Our group thought it would be interesting to see if we could try to make predictions for how popular a song might be given different features for a song (e.g. the genre of the song, how fast or slow it is, the key the song is written in, the time of year a song was released, how many listeners an artist already gets on average, etc.). If we can indicate how many plays a song will get, we can give a prediction for how much money a song will make on a streaming service. Much like the Moneyball scenario, it’s possible that artists are focusing on producing music that meets criteria which they think makes a song popular when, in reality, they should be focusing on other aspects of their music. Understanding what components of a song make it popular would help artists figure out the best way to produce music in order to make money off of these streaming services.
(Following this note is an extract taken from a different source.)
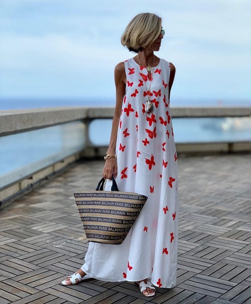 This is vacation confidence in clothing form. The print does the talking, so I’d add only delicate earrings or a slim watch rather than oversized jewelry. A bright lip in a matching red pulls the look together; heavy eye makeup would feel out of sync with the breezy vibe. Think seaside brunches, harbor walks, or an elegant party at a beach club where the dress code is “effortless but impressive.” It’s also a smart option for hot summer days when you want air circulation and maximum impact.

The Moneyball story demonstrated the importance of data science in producing a strong baseball team, and while music is different from sports, our project should hopefully reflect similar data science practices in order to reach a valuable conclusion. It may be relatively straightforward to look at aspects like which genres make the most money or whether a song by Taylor Swift will end up on the top 200 chart given her “incredibly loyal fanbase” of over 40 million people, but maybe there are other similarities between popular songs that could indicate factors which help make a song more popular. Data science practices like t-tests (maybe) or machine learning models help us here by giving us tools to help identify characteristics in a song, clarify how those characteristics might relate to play count, and predict what the play count (or popularity) for a similar song could be given factors that we have determined have an affect on play count (or popularity)
<One valuable conclusion might be the LACK OF money artists are being paid from streaming services, or how little they make off streaming services alone>


# Collect Data

This is the first step in the data lifecycle where we must identify information to web scrape. We gather data from the [Spotify Charts Regional Top 200](https://spotifycharts.com/regional) to first identify which songs had the highest stream counts in the United States, dating back to January 1st 2017, to current day. Spotify Charts provides tracks with the highest stream count, their top 200 rank, and the artist(s) who created that song. Spotify Charts already compiles the data into Excel tables, so it isn't necessary to directly scrape from the website. If you wanted to download one yourself, at the top right of the website, select a date you'd like to download in the dropdown, then select further up "Download to CSV." The pandas method read_csv() was used to process the Excel files into dataframes.



In [None]:
import os
import pandas as pd
import requests
from bs4 import BeautifulSoup
import spotipy
import numpy as np
import matplotlib.pyplot as plt
import seaborn as sns

Since there were consistent download URLs of Excel sheets in relation to the date they recorded, we used a looped to retreive the links then later download all sheets.

In [None]:
# Collect links from spotify charts top 200 streams per day
ref_str = "https://spotifycharts.com/regional/global/daily/"
ref_arr = []
# gets every day from janurary 2017 to October 2020

# for year in range(2017, 2021):
for year in range(2017, 2018):
    date = ""
    
    endingMonth = 12
    if year == 2020:
        endingMonth = 10
        
    # for month in range (1, endingMonth + 1):
    for month in range (1,2):
       
        dayCount = -1

        #gets proper day count per month
        thirtyDayCountMonths = [4, 6, 9, 11]
        if month == 2:
            dayCount = 29
        elif month in thirtyDayCountMonths:
            dayCount = 30
        else:
            dayCount = 31

        if int(month) < 10:
            month = "0" + str(month)
        # for day in range (1, daycount + 1):
        for day in range (1, 16):
           
            if int(day) < 10:
                day = "0" + str(day)

            date = str(year) + "-" + str(month) + "-" + str(day) + "/download"
            date = ref_str + date
            ref_arr.append(date)

ref_arr

In [None]:
#Loop downloading and appending of dataframes 

df = pd.DataFrame(columns =['position', 'track_name', 'artist', 'streams', 'url', 'date'] )
#make dir to save to
path = "sheets"
folderExists = False
try:
    os.mkdir(path)
except OSError:
    print ("Folder already exists")
    folderExists = True

    for i in ref_arr:

        r = requests.get(i, allow_redirects = True)
        #String manipulation to read from the correct csv files
        date = i[48:58]
        fileName = "regional-global-daily-" + date + ".csv"
        if not folderExists:
            print("Downloading... " + filename)
            open(fileName, "wb").write(r.content)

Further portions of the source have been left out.